И вот, она начала играть! Вид у неё был ужасный, нужды нет, что я видел одну её руку, эту туманную, холодную, как лёд, руку с длинными, тонкими, шилообразными пальцами. Каждый был орудием пытки: большой и указательный образовывали клещи, средний был острым шилом, безымянный – буравом, и мизинец – спринцовкой с комариным ядом.
– Я научу тебя всем размерам! – опять начала она. – Великому поэту – великая и зубная боль, а маленькому поэту – маленькая!
– Так пусть я буду маленьким! – взмолился я. – Пусть совсем не буду поэтом! Да я и не поэт! На меня только находят временами припадки стихотворного недуга, как находят и припадки зубного! Уйди же! Уйди!
– Так ты признаёшь, что я могущественнее поэзии, философии, математики и всей этой музыки? – спросила она. – Могущественнее всех человеческих чувств и ощущений, изваянных из мрамора и написанных красками? Я, ведь, и старше их всех! Я родилась у самых ворот рая, где дул холодный ветер и росли от сырости грибы. Я заставила Еву одеваться в холодную погоду, да и Адама тоже! Да, уж поверь, что первая зубная боль имела силу!
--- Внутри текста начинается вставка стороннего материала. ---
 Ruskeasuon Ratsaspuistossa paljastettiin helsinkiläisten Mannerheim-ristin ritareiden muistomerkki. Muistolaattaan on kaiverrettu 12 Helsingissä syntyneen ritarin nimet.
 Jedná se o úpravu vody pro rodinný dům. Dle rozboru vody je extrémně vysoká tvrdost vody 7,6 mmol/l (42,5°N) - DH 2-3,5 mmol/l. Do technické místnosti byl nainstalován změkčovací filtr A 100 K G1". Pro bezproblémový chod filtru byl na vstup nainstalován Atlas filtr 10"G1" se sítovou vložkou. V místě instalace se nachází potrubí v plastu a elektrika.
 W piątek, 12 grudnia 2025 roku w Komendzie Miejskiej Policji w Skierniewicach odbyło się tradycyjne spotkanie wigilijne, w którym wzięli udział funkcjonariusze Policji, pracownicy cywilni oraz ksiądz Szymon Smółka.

– Верю! – сказал я. – Верю всему! Уйди же, уйди!
– А ты откажешься от желания стать поэтом, писать стихи – на бумаге, грифельной доске, на чём бы то ни было? Тогда я оставлю тебя! Но я вернусь, как только ты опять возьмёшься за стихи!
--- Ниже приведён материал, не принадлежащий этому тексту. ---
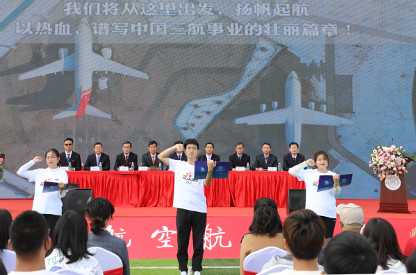院领导给学生代表佩戴上了承载着学校和学院美好期望和殷切寄托的同人漫画 校徽,从此,又一代南航人将秉持着“团结、俭朴、唯实、创新”的思想传承,在处世中秉承“智周万物,道济天下”的校训,在学习上发扬“严谨、务实、求真、创新”的院风,在研究中践行“格物致知,进德修业”的院训,展现出“强国一代”的奉献与担当!
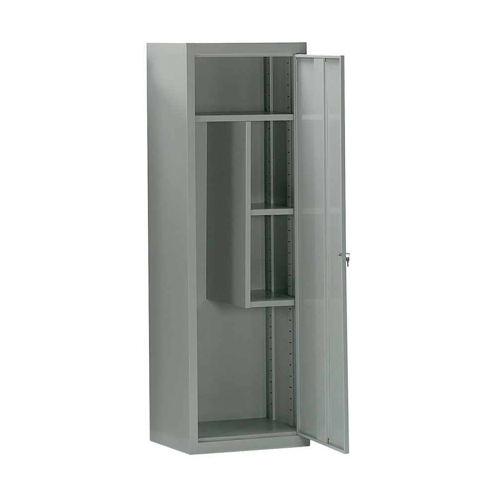 Szerszámok és anyagok tárolására szolgáló acélszekrény. Az ipari acélszekrény rendkívül masszív szerkezet, egy közpoti függőleges elválasztóval, egy nagy és 2 kisebb polccal, megerősített ajtók kulccsal zárhatóak. Öltözőszekrénynek is kiváló.

– Клянусь, оставлю всё! – сказал я. – Только бы мне никогда больше не видеть, не чувствовать тебя!
– Видеть-то ты меня будешь, только в более приятном и дорогом для тебя образе – в образе тётушки Миллэ, и я буду говорить тебе: «Сочиняй, мой милый мальчик! Ты великий поэт; пожалуй, величайший из наших поэтов!» Но если ты поверишь мне и возьмёшься за кропание стихов, я положу твои стихи на музыку и разыграю её на твоих зубах! Так-то, милый мальчик! Помни же обо мне, беседуя с тётушкою Миллэ!
Тут она исчезла.
На прощанье я получил в челюсть ещё один укол раскалённым шилом. Но вот боль начала утихать… Я как будто скользил по зеркальной глади озера, вокруг меня цвели белые кувшинки с широкими зелёными листьями… Они колыхались, погружались подо мною, увядали, распадались в прах, и я погружался вместе с ними, погружался в какую-то тихую бездну… Покой, тишина!.. «Умереть, растаять, как снежинка, испариться, превратиться в облако и растаять, как облако!» звучало вокруг меня в воде.
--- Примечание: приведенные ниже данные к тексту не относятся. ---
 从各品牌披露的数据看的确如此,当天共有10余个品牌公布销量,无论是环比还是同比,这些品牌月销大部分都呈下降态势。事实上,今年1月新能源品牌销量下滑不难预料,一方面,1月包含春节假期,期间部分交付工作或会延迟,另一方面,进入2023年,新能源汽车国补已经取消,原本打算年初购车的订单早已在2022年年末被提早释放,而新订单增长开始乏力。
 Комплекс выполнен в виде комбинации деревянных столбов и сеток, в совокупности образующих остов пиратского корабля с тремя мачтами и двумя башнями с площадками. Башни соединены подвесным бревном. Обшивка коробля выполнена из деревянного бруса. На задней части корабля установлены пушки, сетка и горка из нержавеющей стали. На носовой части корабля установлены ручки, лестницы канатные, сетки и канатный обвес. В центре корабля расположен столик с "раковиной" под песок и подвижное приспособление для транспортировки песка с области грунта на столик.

Сквозь прозрачную воду я видел сияние великих имён, надписи на развевающихся победных знамёнах, патенты на бессмертие, начертанные на крыльях мухи-подёнки.
Я погрузился в глубокий сон, без сновидений, и не слышал больше ни воя ветра, ни хлопанья ворот, ни звона колокольчика, ни гимнастики верхнего жильца.
Блаженство!
Вдруг налетел такой порыв ветра, что запертая дверь в комнату, где спала тётушка, распахнулась. Тётушка вскочила, надела башмаки, накинула платье и вошла ко мне. Но я спал – расказывала она мне потом – сном праведника, и она не решилась разбудить меня. Я проснулся сам; в первую минуту я ничего не помнил, не помнил даже, что тётушка ночевала тут в доме, но потом припомнил всё, припомнил и ужасную ночную гостью. Сон и действительность слились в одно.
– А ты не писал чего-нибудь вечером, после того, как мы попрощались? – спросила тётушка. – Ах, если бы ты писал! Ты, ведь, у меня поэт и будешь поэтом!
Мне показалось при этом, что она лукаво-прелукаво улыбнулась, и я уж не знал – любящая ли это тётушка Миллэ предо мною или ужасное ночное видение, взявшее с меня слово никогда не писать стихов?
– Так ты не писал стихов, милый мой мальчик?
– Нет, нет! – вскричал я. – А ты… ты – тётушка Миллэ?